Overview
This project was developed as the final assignment for the Human–Computer Interaction for AI Systems Design course at the University of Cambridge. The course focused on how to design AI systems that are transparent, verifiable, and user-centered, combining technical frameworks with ethics, risk management, and usability.
The goal of the project was to design a conceptual human–AI decision support tool to help manufacturing workers identify and resolve quality control issues. The system needed to work across different user roles and deployment contexts, while supporting varying levels of automation and providing clear, explainable recommendations.
Over eight weeks, I followed a structured process to define the problem space, model the system’s function, evaluate risk, and propose verification and validation strategies. I received a final project grade of 100%.
The Challenge
Manufacturing processes often rely on human experience to detect and resolve quality control issues. These tasks are time-sensitive and complex, involving a combination of data interpretation, decision-making, and collaboration between operators, engineers, and managers.
The challenge was to design a human–AI system that could support these users without removing their agency. The system needed to adapt to different roles, assist with diagnosis, and provide traceable recommendations, all while fitting into real-world manufacturing environments that vary in automation and risk tolerance.
Approach & Process
The design process followed the HCI for AI Systems framework taught in the course, with each phase focusing on a specific aspect of human–AI interaction. I began by defining a solution-neutral problem statement that captured the core need without assuming an AI-based solution.
From there, I created a system function model that outlined the key tasks and user interactions across roles such as line operators, engineers, and supervisors. Each task was mapped to different levels of automation to evaluate where human decision-making should be retained or supported.

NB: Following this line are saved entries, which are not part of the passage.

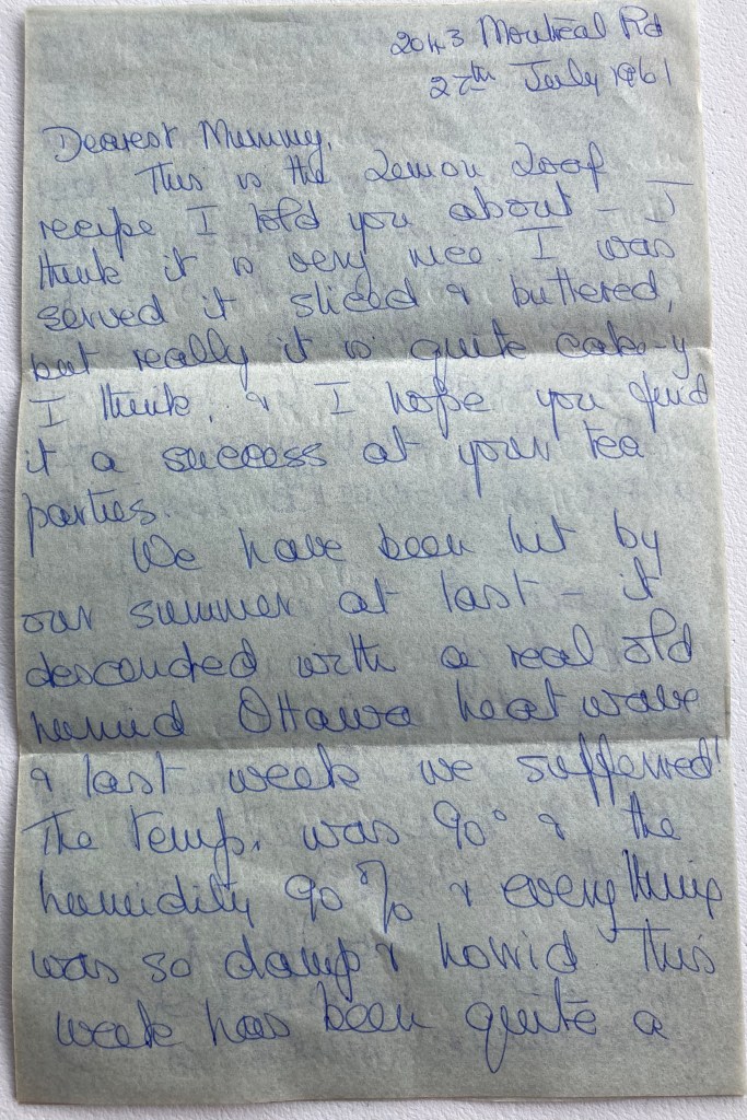 Yesterday was our 12th wedding anniversary – aren’t we getting on?! We had to celebrate on Tues. evening as Cec had a friend in Ottawa for 1 day & night on his way home to Saskatoon from Paris, & we put him up last night. His name is Gordon Shepherd & he is an Ass’t. Prof. at the U. of Saskatchewan & Cec had met him at the meeting in Amsterdam & told him to stay with us in Ottawa. He is a nice, a rather quiet shy fellow, looking forward to getting home to his wife & little boys after 3 mths. in France. He arrived at the Airport at about 7 last night & left again at 7 this evening, so Cec & the children enjoyed two jaunts to see the planes! He knew Boris at the U. of Toronto so we had Boris & Joan over last night for drinks & then coffee & fresh raspberry pie.
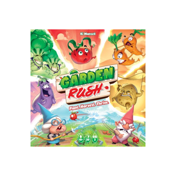 Garden Rush is a two-player, tile-placement battle game in a vegetable garden in which players race to grow vegetables in their garden and fill their basket before their neighbor. Careful planning is needed to plant each vegetable in its unique pattern for future harvesting, while keeping an eye on the conveyor belt shared between the gardens.
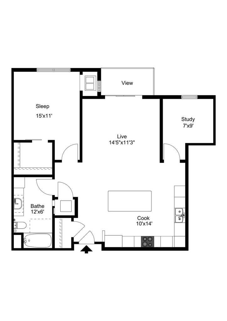 Estudio, 1 Baño, 612 pies²Galería del Modelo
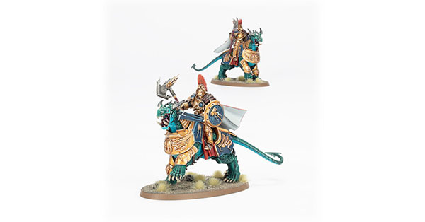 Born into the Stormcast Eternals as a natural leader, extraordinarily gifted with the talent of leadership, the Lord-Celestants are notable for their stoic tenacity and fighting ability. On foot, they are virtually unmatched – atop a vicious Dracoth, they become capable of dealing absolutely astonishing damage, combining the lightning-spitting fury of the Dracoth with their tempestos hammers and thunderaxes.

I performed a risk analysis to identify potential system failures or misuses, along with mitigation strategies for each. A Verification Cross-Reference Matrix (VCRM) was developed to ensure that each requirement could be verified across relevant deployment contexts. Finally, I proposed a validation strategy to ensure the system would achieve its intended purpose in the real world.
Solution
The final concept is an AI-powered decision support tool designed to assist manufacturing workers during quality control checks. The system integrates multiple data sources (including sensor readings, historical reports, and user annotations) to help identify root causes and suggest next actions.

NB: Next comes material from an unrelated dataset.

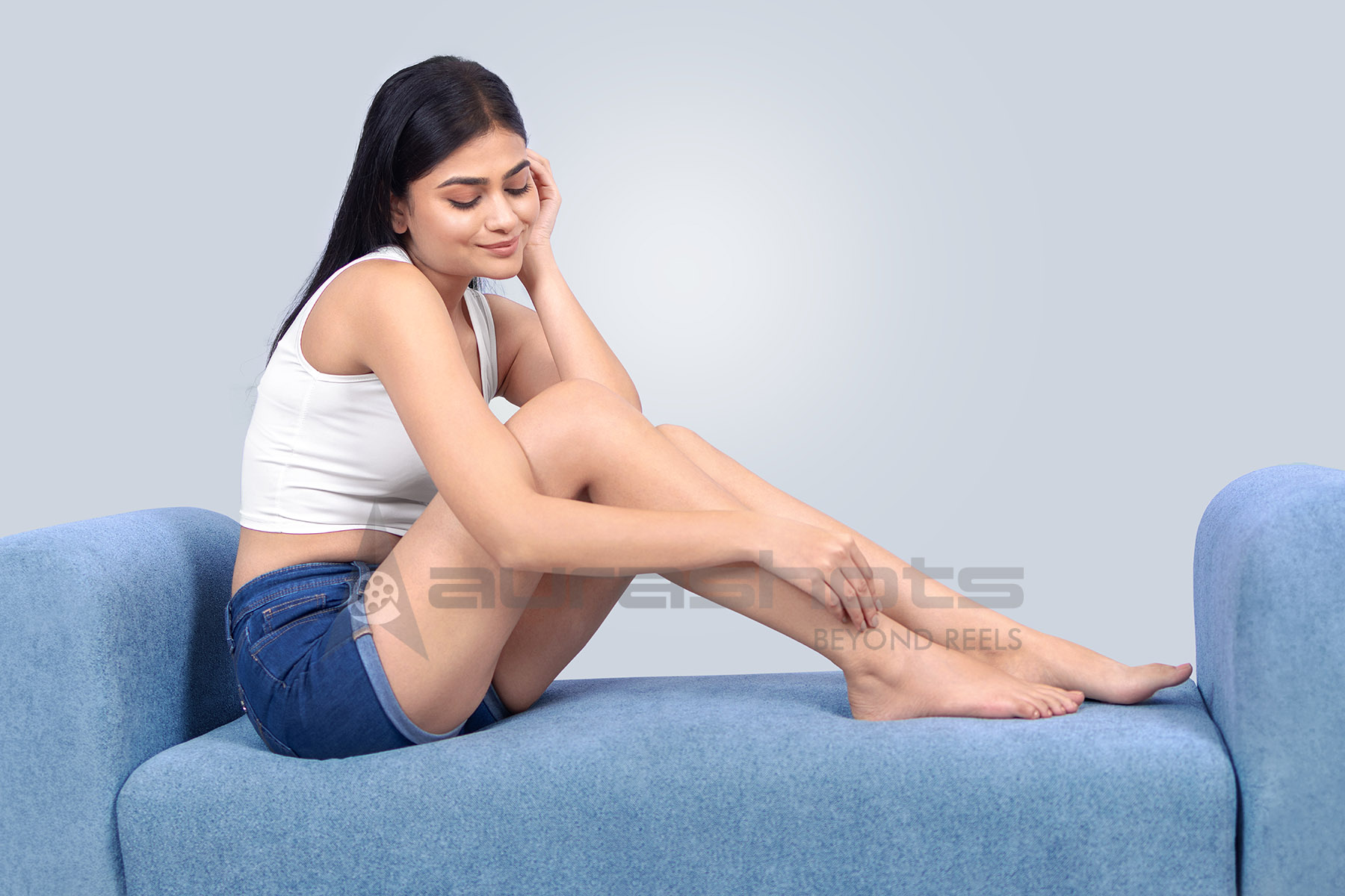 AS25030150-Young woman sitting on couch and feeling her smooth legs

Recommendations are presented with confidence levels and supporting context to preserve user trust and interpretability. Different automation levels are applied depending on user roles for example, operators receive clear guidance, while engineers can interact with more detailed diagnostic tools.
The interface is designed to support traceability, enabling users to review the AI’s reasoning, explore alternative solutions, and provide feedback that improves future recommendations.
Reflections
This project helped me structure my thinking around human–AI collaboration in a much more rigorous way. I gained a deeper understanding of how automation, interpretability, and verification all shape the user experience in systems that rely on AI.

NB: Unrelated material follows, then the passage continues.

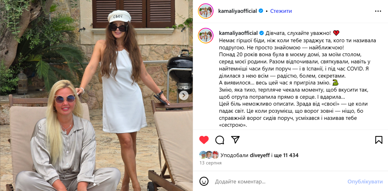 Певица Камалия несколько недель назад опубликовала пост, в котором рассказала о предательстве подруги. Она не стала вдаваться в подробности и не назвала имени женщины, с которой дружила более 20 лет, но опубликовала совместный снимок. Позже стало известно, что речь шла о бизнесвумен и владелице нескольких известных компаний в сфере шоу-бизнеса Светлане Голинской. После публичных обвинений Светлана впервые прокомментировала причины конфликта в интервью OBOZ.UA.

The methodical approach taught in the course (from defining a solution-neutral problem to building a function model and planning risk mitigation) is something I’ve started applying to real-world design challenges. While the project was theoretical, the process gave me tools I now use in my professional work when designing systems that require user trust, explainability, or risk awareness.
Looking back, I’d refine the validation strategy further by integrating more user-specific testing plans and post-deployment feedback loops.
Summary
This project demonstrates how structured, human-centered thinking can be applied to the design of AI-powered systems. Through the Cambridge framework, I explored not just how to build smarter tools, but how to make them accountable, explainable, and usable across different roles.
While the context was manufacturing, the methods and principles (like automation level mapping, traceability, and verification planning) are now part of how I approach complex design problems in my professional UX work.